Detect Hide Artifacts in Sumo Logic CSE
Adversaries may attempt to hide artifacts associated with their behaviors to evade detection. Operating systems may have features to hide various artifacts, such as important system files and administrative task execution, to avoid disrupting user work environments and prevent users from changing files or features on the system. Adversaries may abuse these features to hide artifacts such as files, directories, user accounts, or other system activity to evade detection. Sub-techniques cover hidden files and directories, hidden users, hidden windows, NTFS alternate data streams, hidden file systems, virtual instance abuse, VBA stomping, email hiding rules, resource forking, process argument spoofing, and scheduled task SD registry deletion.
MITRE ATT&CK
- Tactic
- Defense Evasion
- Technique
- T1564 Hide Artifacts
- Canonical reference
- https://attack.mitre.org/techniques/T1564/
Sumo Detection Query
(_sourceCategory=*windows* OR _sourceCategory=*sysmon* OR _sourceCategory=*WinEventLog*)
| where EventCode in ("1", "13") OR EventID in ("1", "13", "4698", "4702")

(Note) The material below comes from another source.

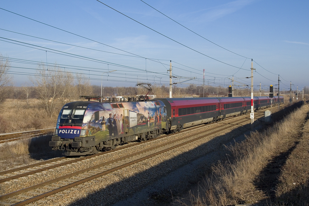 Am 15. Februar 2017 ist 1116 157 "Gemeinsam Sicher" mit dem railjet 740 von Flughafen Wien (VIE) nach Salzburg Hauptbahnhof unterwegs und konnte bei Mannswörth festgehalten werden.

| parse field=CommandLine "*" as cmd nodrop
| parse field=Image "*\\*" as _dir, ProcessName nodrop
| parse field=TargetObject "*\\Schedule\\TaskCache\\Tree\\*" as _pre, TaskPath nodrop
| eval cmd_lower = toLowerCase(cmd)
// Signal classification
| eval Signal =
if (ProcessName = "attrib.exe" AND (cmd_lower matches "(?i).*\+h.*" OR cmd_lower matches "(?i).*\+s.*"),
"HiddenFileAttribute",
if (ProcessName in ("cmd.exe", "powershell.exe", "pwsh.exe") AND
(cmd_lower matches ".*>[^:]+:[^\\/:*?\"<>|\\s]+.*"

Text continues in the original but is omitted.